Probably the biggest change in the last few years is GPS technology from day-to-day routine equipment and for the build-up for a tournament. Things like the GPS-guided sprayers so you’re always super accurate on your applications and your rates and what you’re putting out is going exactly where you want it to.
GPS as a whole has changed our whole industry. For example, if you go back to 2016 when we did the renovation on the Highlands Course, we scraped the greens off and got down to the clean USGA greens mix, but we were able to put it back because we took all the measurements. We measured 1ft squares of green and you’re able to put them back exactly how they were. It’s funny because Kerry Haigh comes and does the setup. He did the 2001 and the 2011 PGA Championships and those greens, with the exception of 14 which we did a complete redesign of, are exactly the same.

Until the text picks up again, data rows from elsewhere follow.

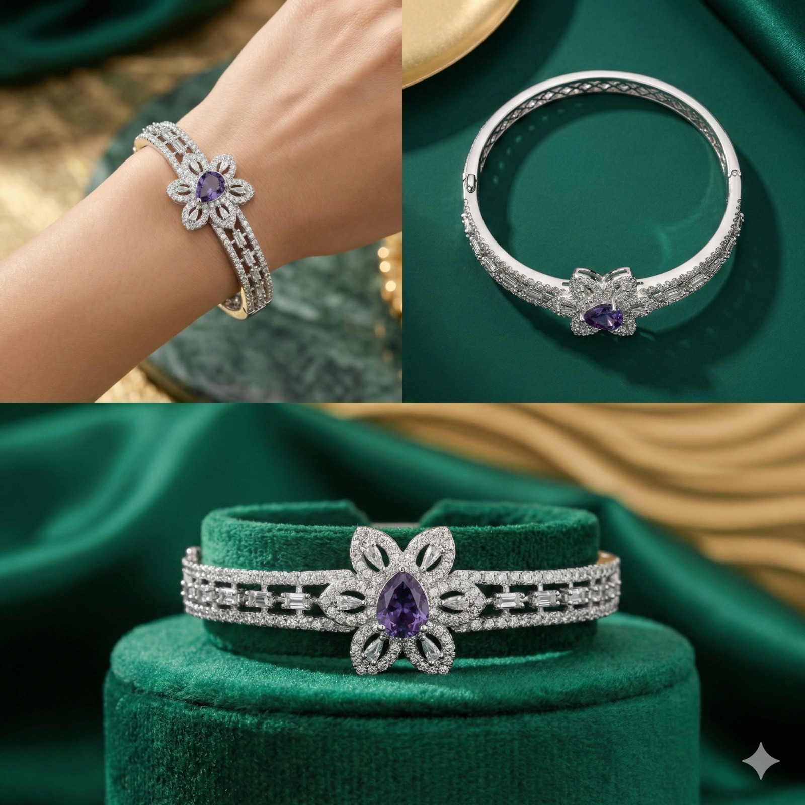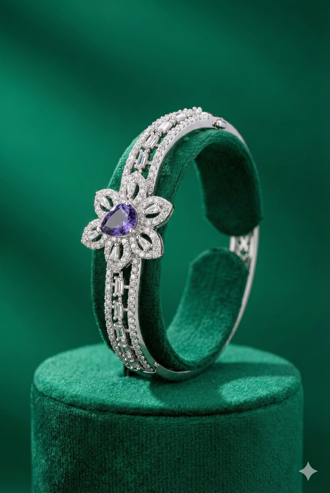 The Violet Baguette Bloom Bangle is designed for those who appreciate the finer things.
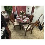 LARGE LOT OF CHINA & GLASSWARE IN CABINET ON TABLE |
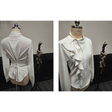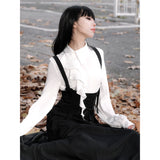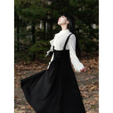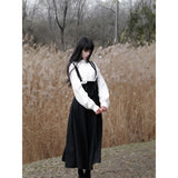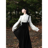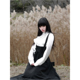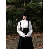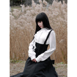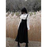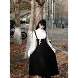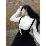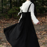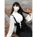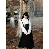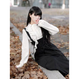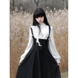 洗練された雰囲気を醸し出すジャンパースカートとブラウス。ジャンパースカートはウエスト部分に編み上げが施されたデザイン。フレアに広がるスカートが優雅な雰囲気を演出し、クラシックで洗練された印象を与えます。ブラウスは胸元のフリルが華やかさをプラスし、エレガントでロマンティックな雰囲気を醸し出しています。

How many women do you have on your maintenance staff? Why is it important to encourage more women to join the golf industry, specifically in golf course agronomy and maintenance?
Within the last year, we have had a couple of ladies come on board with our maintenance staff and started to show them our operation. They were kind of our ambassadors at first and now the word is out there. Our hourly staff is now 35-percent female. It has totally changed the quality of work that we get and our efficiency. It’s just really been fantastic to have them.
One of our interns this year, Elizabeth, is the first female intern we’ve had. She was attracted to be here for the KPMG Women’s PGA Championship. I volunteer for the Green Start Academy every year and to see more and more women attend is awesome, it’s an amazing industry.
I think it’s such a rewarding career and there’s so much availability out there. There are so many golf courses right now looking to fill their superintendent roles with qualified individuals so the ceiling of opportunity for women in the golf industry is boundless. Being the father of a 4-year-old daughter, I would love it if she would one day pursue agronomy. It would just be the coolest thing ever.
What advice would you give to the next generation of turf professionals?
You cannot get enough real-world experience. I tell them all if you’re going to school and they tell you that you’ve got to do one internship, every summer should be an internship. When I went to school, not only would I work in the summers and do internships, I’d go home on Christmas break and work for the local golf club and learn how to fix engines or learn how to sharpen reels. You just can’t get enough experience. You have to get the science part down and learn all the technical parts that they teach in school, but there’s not enough real-world experience. I would also tell them that tournaments are great and you should experience that and you should get to those venues. But just as much, you should go to places that are doing renovations. Learn how to do the construction side of it or re-grassing.
And make as many contacts as you possibly can. This business is built on that. Not too many weeks go by that the phone of a former assistant doesn’t ring looking for another job or a mentor of mine looking to replace one of their people. I’d tell them to forge relationships with not just agronomy professionals but with the general managers and golf pros because we’re all in this thing together. The strongest clubs have a good GM, a good golf professional, and a good superintendent that all work together.